CATASTO IERI E DOMANI

Pubblicato su PROGRESSIONE100 – anno 1983
Nella rassegna retrospettiva del nostro secolo non poteva mancare uno scritto sul Catasto, entità dalla quale la CGEB ricava – almeno qui a Trieste – una parte considerevole del suo prestigio. In queste occasioni è abitu­dine presentare tabelle e diagrammi, ma un riepilogo del genere è stato fatto pochi anni fa (Alpi Giulie, 1977) ed un altro vi sarà necessa­riamente sul prossimo Duemila Grotte. Rite­niamo quindi più interessante parlare di qual­che aspetto finora non ben approfondito ed in particolare della fase di avvio, mentre in chiu­sura esamineremo le reali possibilità di dare al Catasto le moderne impostazioni che taluni auspicano.
Con un certo compiacimento non sorretto da rigore storico si è fatto sempre coincidere la nascita del Catasto con la costituzione del Comitato per l’esplorazione sotterranea del Carso, il quale a sua volta ebbe nel 1883 un’esi­stenza più statutaria che operativa. In quei primi anni l’attenzione fu rivolta ad alcune grandi grotte già note, le quali richiesero agli inesperti pionieri della SAG tutte le loro ener­gie; le cavità scoperte nel decennio 1883 – 1892 furono infatti tanto poche da rendere inutile una catalogazione, nè tale può essere conside­rata obiettivamente il lavoro che Edoardo Tau­cer pubblicò sugli Atti e Memorie del 1893. Esso era un resoconto delle principali esplorazioni effettuate negli anni 1889/1892, dove erano descritte solo 5 grotte delle 22 indicate su una cartina allegata, opera del defunto A. Tribel; il Taucer si riferì alla numerazione presente sulla piccola mappa al 68.000, la quale riportava anche alcuni pozzi soltanto sondati, trascu­rando per conto altre cavità di cui la Commis­sione aveva fatto invece un rilievo vero e proprio. Il relatore dimostrò anche di cono­scere assai poco le grotte della carta, definendo «pozzi verticali che non offrono alcun inte­resse» le n° 7 e 12 (Grotta dell’Orso e di Padri-ciano) che pur nella legenda messa sulla cartina erano individuate esattamente. Malgrado que­ste notevoli discordanze e lacune, nello scritto del Taucer si è voluto vedere l’embrione che ha dato vita al Catasto, il quale in effetti riprese più tardi solo la numerazione adottata dal Tribel.
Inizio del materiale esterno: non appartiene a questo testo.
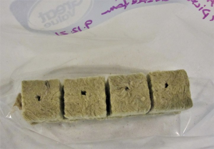I was tempted to chuck all of the bags in the trash as a failed experiment, but decided instead to fill one of my large plastic boxes, normally used for starting Caladiums in the spring, with some potting soil and just move all of the blocks of rock wool into the box. I poured the remaining spring water from each bag onto the soil, covered the box with its tight fitting lid, and put the whole thing in a shaded, protected corner of the deck. And it has been there ever since.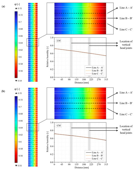 The material properties used for the hygro-thermal simulations are presented in Table 1. Two types of mortar were considered for the analyses: namely, natural hydraulic lime mortar (LM) and cement mortar (CM). Moreover, the brick–mortar interfaces were assumed to have perfect contact for heat transfer, whereas imperfect contact was considered for moisture transport. Thus, a hydraulic resistance 2.0 × 109 m/s was assigned to the brick–mortar interfaces.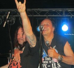 In 1984, Fryer recruited drummer Tommy Dimitroff (in replace of original drummer Ronnie Zade) and returned to America to reform Heaven, this time with ex-Talas guitarist Mitch Perry and New York City musician Mark Cunningham who had most recently been in a band called Cathedral. Dennis Feldman, formerly of Ram-Jam and The Michael Schenker group also joined the new Heaven line-up on bass and the group recorded the album. Columbia A&R man, Mason Munoz, signed the band and recruited Paul O’Neill to produce and co-write the album Knocking on Heaven’s Door. The album’s title track was a heavy metal cover of the Bob Dylan song. However prior to completion, Munoz was replaced by a new A&R representative and Columbia brought in another mixer. After this, Fryer moved to Texas and forged ahead keeping the Heaven name alive with local talent such as Guitarist Perry Parris, Scott Howe, John Paul Dutton, Rodger “bam-bam” Weiss, Bryan Cameron and Timi Heiser. Nye Jones, Scott Cothren and Steve Dainhart recorded Time For Terror. The players from Austin Texas also recorded on the Mötley Crüe Tribute CD Home Sweet Home and was the number one voted song on the CD. The song was written by Allan Fryer and Tommy Lee and dedicated to Vince Neils’ daughter, Skylar Neil who died from cancer. All the CD proceeds went to the Skylar Neil Memorial Fund. On 4 June 2015 it was announced that Heaven’s vocalist, Allan Fryer, had died after a long battle with cancer. He was survived by his daughter, Kallan and four grandchildren.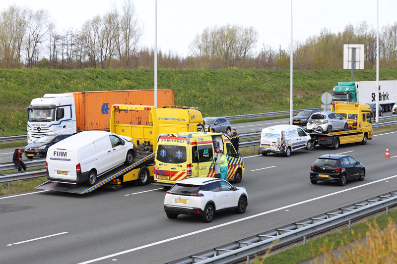 Door het ongeval waren twee rijbanen afgesloten, dit veroorzaakt een flinke file. Meerdere mensen zijn door het aanwezige ambulancepersoneel gecontroleerd in de ambulance, zover bekend is er niemand vervoerd. De schade aan alle drie de voertuigen is flink, deze zijn door een berger afgevoerd.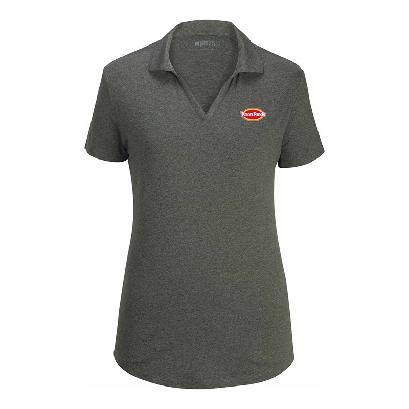 This 5 oz. jersey knit combines 45% recycled polyester, 45% polyester, and 10% spandex for a comfortable, eco-friendly fit. Featuring moisture-wicking and snag-resistant fabric, a self-fabric collar with stand, and a flattering V-neck. Finished with hemmed sleeves and a side-vented bottom for easy movement and style.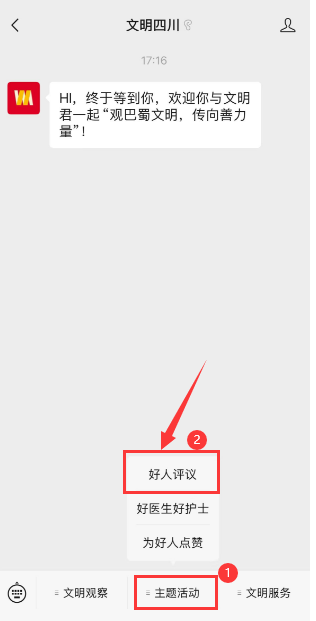 2、在公众号菜单栏选择“好人评议”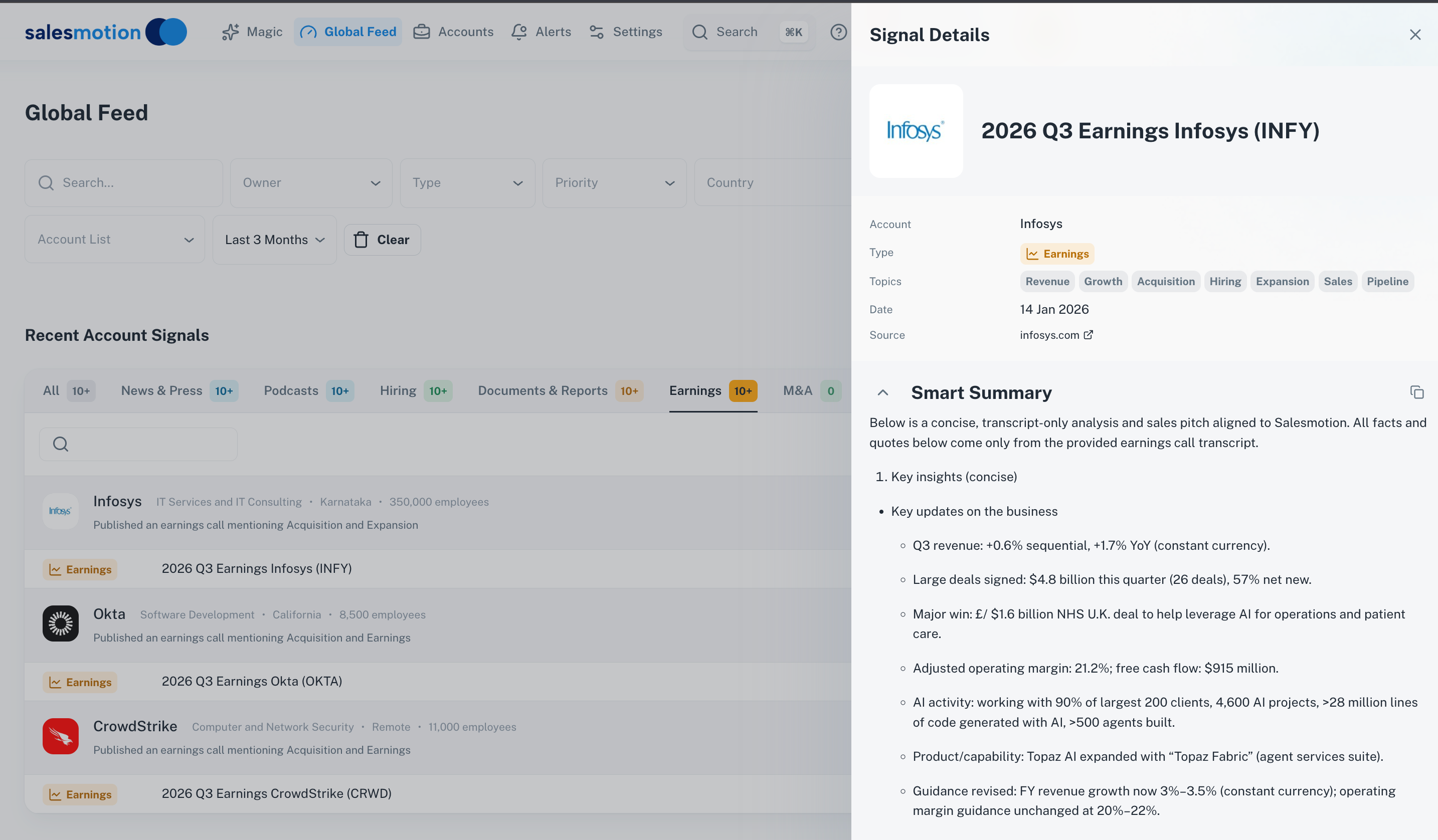 This means a cybersecurity company and a healthcare company using Salesmotion will see completely different intelligence — even if they're tracking some of the same accounts. The feed surfaces precisely what each sales team needs to know, in a single place, without the noise.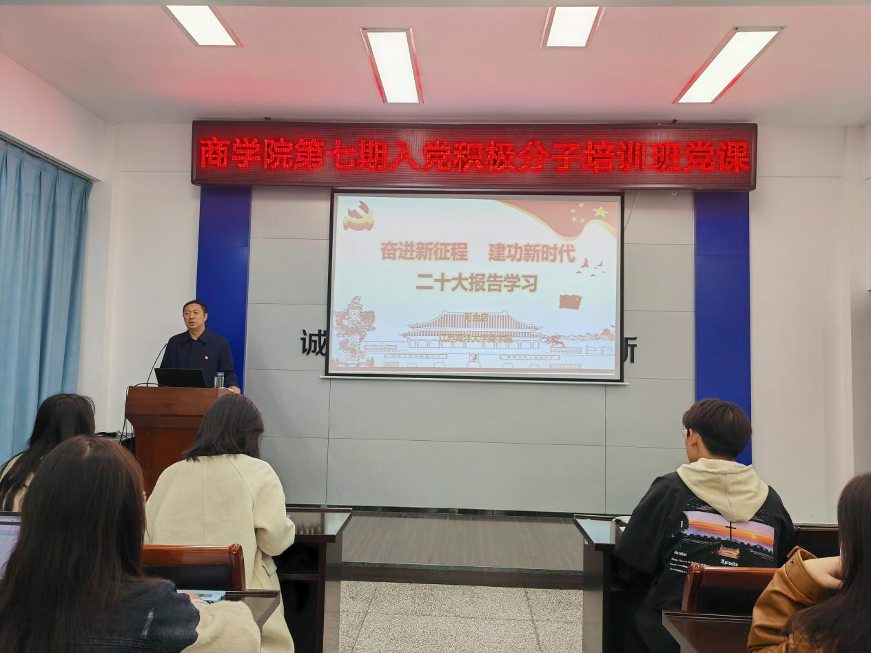 党课以“奋进新征程、建功新时代”为主题,商学院党委书记万金店为参加学院第七期入党积极分子培训班的80名同学上了一堂主题鲜明、内容充实、激励奋进的党课。万金店对同学们说到:“党的二十大吹响了迈向第二个百年奋斗目标的冲锋号,指明了以中国式现代化全面推进中华民族伟大复兴的发展方向,报告专门指出实施科教兴国战略,强化现代化建设人才支撑,我们新一代大学生要抓住这一伟大的历史发展机遇,勇担重任,建功新时代”。

Scheda catastale preparata negli anni ’30; la posizione è richiesta in coordinate polari e cartesiane.
Prima scheda del Catasto (1924); analoga verrà poi stampata all’istituto Italiano di Speleologia.

La mancanza in questa pubblicazione di ogni altro elemento atto ad identificare le grotte citate (posizione topografica, dati metrici, ecc.) sta a dimostrare che non esisteva ancora l’idea di un ordinamento che potesse in qualche modo somigliare al vero Catasto immobiliare e fondiario, istituzione che per la prima volta è stata attuata dalla precisa amministrazione im­periale austriaca. Oltre al’ concetto mancava anche l’uomo dalla mentalità razionale in grado di capire che la speleologia non poteva vivere di episodi esplorativi fine a se stessi, bensì essere disciplina sistematica con la quale raccogliere dati su un aspetto quasi ignoto della geografia fisica.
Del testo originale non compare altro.